Stephen Wuori, Enbridge Inc.’s president for liquid pipelines, told financial analysts during a conference call that the use of rail is a short-term fix for easing a bottleneck along its mainline between Berthold, ND, and Clearbrook, MN.

“We saw an opportunity to offer shippers the ability to get on our system, move as far as Berthold and then move off onto the rail,” Wuori said. He added that the rail alternative would “probably [be done] for an interim period, maybe as long as three years, while we prepare for our next phase of expansion in pipe.

“The intent is [to provide] a bridging solution to make sure the volumes flow [and] access the pipe capacity that we have, then get onto the rail where don’t have the pipe capacity for the time that bottleneck continues. It plays a vital function.”

Last December EEP said it would invest $145 million to build crude oil storage tanks, a double-loop unit-train and other facilities at Berthold, eventually staging three unit-trains there at a time. In July an initial start-up phase of 10,000 b/d of export capacity is expected, which would ramp up by early 2013 to a full export capacity of 80,000 b/d.

EEP plans to have the Berthold rail facility completed before the Bakken Expansion Program is completed.

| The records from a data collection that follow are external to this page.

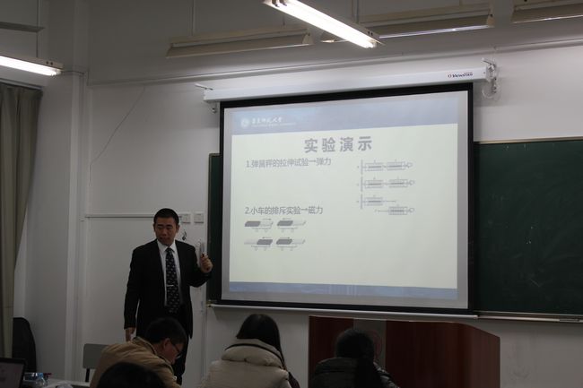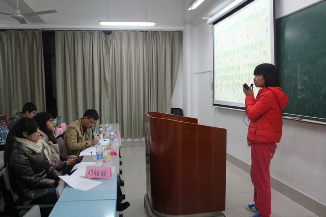 文化网景系列活动之教师风采月系列活动之第八届教师技能大赛初赛于2013年12月18日顺利举行。本次比赛是由华东师范大学校团委主办,物理学系素质 拓展部承办。在经过了预赛的一番激烈角逐之后,来自物理学系、政治学系、数学系、化学系、生物系、地理系、中文系、英语系以及孟宪承书院的64名优秀选手 入围初赛。此次比赛邀请到了来自课程论的研究生以及包括物理学系、数学系、化学系以及政治学系的一共17位评委。比赛分五个赛场同时进行。第一至第三赛场 为物理学系赛场,分别固定选题,课题由选手代表赛前抽签决定,分别为“牛顿第三定律”、“库仑定律”,“力的合成”。第四赛场为理科赛场,第五赛场为文科 赛场,课题均为自选。比赛中,每位选手需在12分钟内模拟一节完整的教学课堂,并接受评委的提问。每四位的选手完成授课后宣布一次评分,八位选手完赛后进 行中场休息。十五分钟休息之后,比赛进入下半场。全部选手比赛结束后,工作人员经过统计,当场公布了各赛场的排名与评分结果。比赛中,选手们表现精彩,评 委专业的点评使参赛选手们纷纷表示获益匪浅。根据赛前确定的晋级比例,本次初赛过后一共有32位选手进入了复赛。复赛将在2014年3月初开始举行。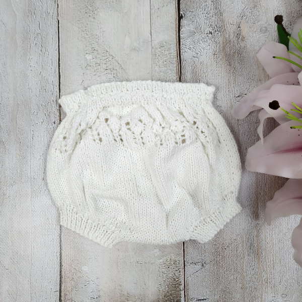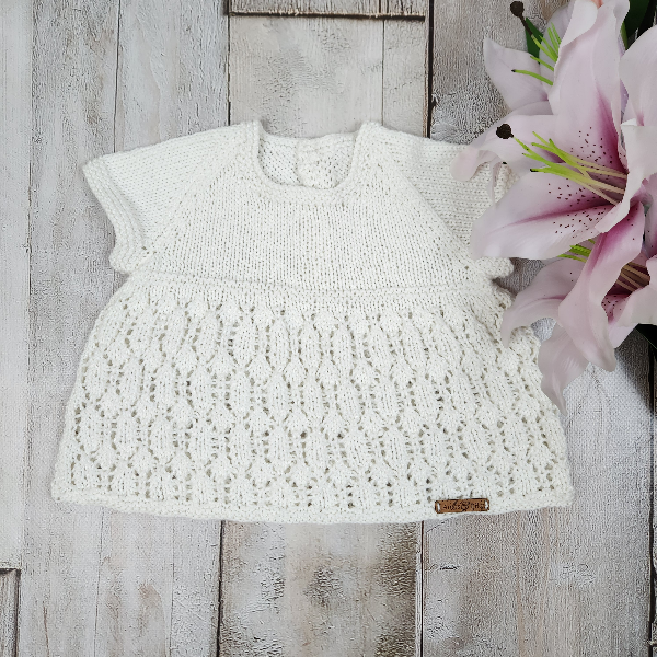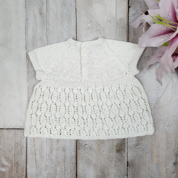 The Daphne dress set is a light and delicate summer outfit, lovingly hand knitted in fine white cotton. Designed to suit newborn babies (AU size 0000), this timeless set is perfect for warm-weather wear, special occasions, or newborn photos.
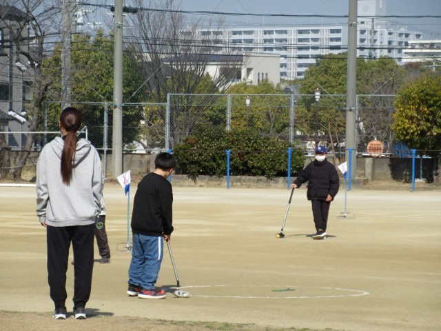 途中から日差しも出てきたので、外でのグランドゴルフも楽しめました。強く当てすぎると遠くに飛んでしまいますが、コツをつかむと上手にコントロールできるようになっていました。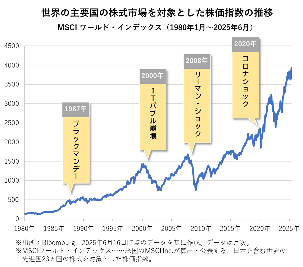 過去、世界ではさまざまな場面で金融危機・経済危機がありましたが、長期で見るとその後は世界経済の成長に伴って回復し、上昇してきた傾向がわかります。

That $560 million project — a collaboration between EEP’s Enbridge North Dakota System and Enbridge Income Holdings Inc.’s (EIF) Enbridge Saskatchewan System — is expected to add 145,000 b/d of takeaway capacity (see Shale Daily, Feb. 15, 2011).

“It’s an interesting world with everything that’s moving with rail, and now you’re seeing rail car companies demanding long-term contracts to secure new rail cars,” Wuori said. “But our view is that long-term, long-distance, long-haul pipe is the way to go, and that’s what we’ll be focused on in our next expansion — getting more capacity from North Dakota over to our mainline system, where it can get to the markets.”

Although conceding that rail is generally more expensive than pipe for shippers, Wuori said EEP is “not involved in the railing operation beyond the loading facility. Our advantage will come from the utilization of the North Dakota pipeline system up to Berthold, and then the fees that we will charge for the loading of the rail cars at this new facility.”

He added that some shippers may ultimately decide to stick with rail transport because it goes to places where pipelines don’t go, and used St. James, LA, as an example.

“That’s an expensive movement, but to some shippers it’s a way of getting at a better pricing in the eastern Gulf market,” Wuori said.

Late last year Canadian regulators approved another project designed to relieve bottlenecks in the region. Enbridge Bakken Pipeline Co. Inc. plans to build a 77-mile, 16-inch diameter pipeline — also known as Bakken Pipeline Project Canada — from Steelman, SK, to Enbridge Pipeline Inc.’s Mainline in Cromer, MB (see Shale Daily, Dec. 27, 2011). Construction of the C$180 million project is scheduled to begin in 2Q2012 and be in service in early 2013.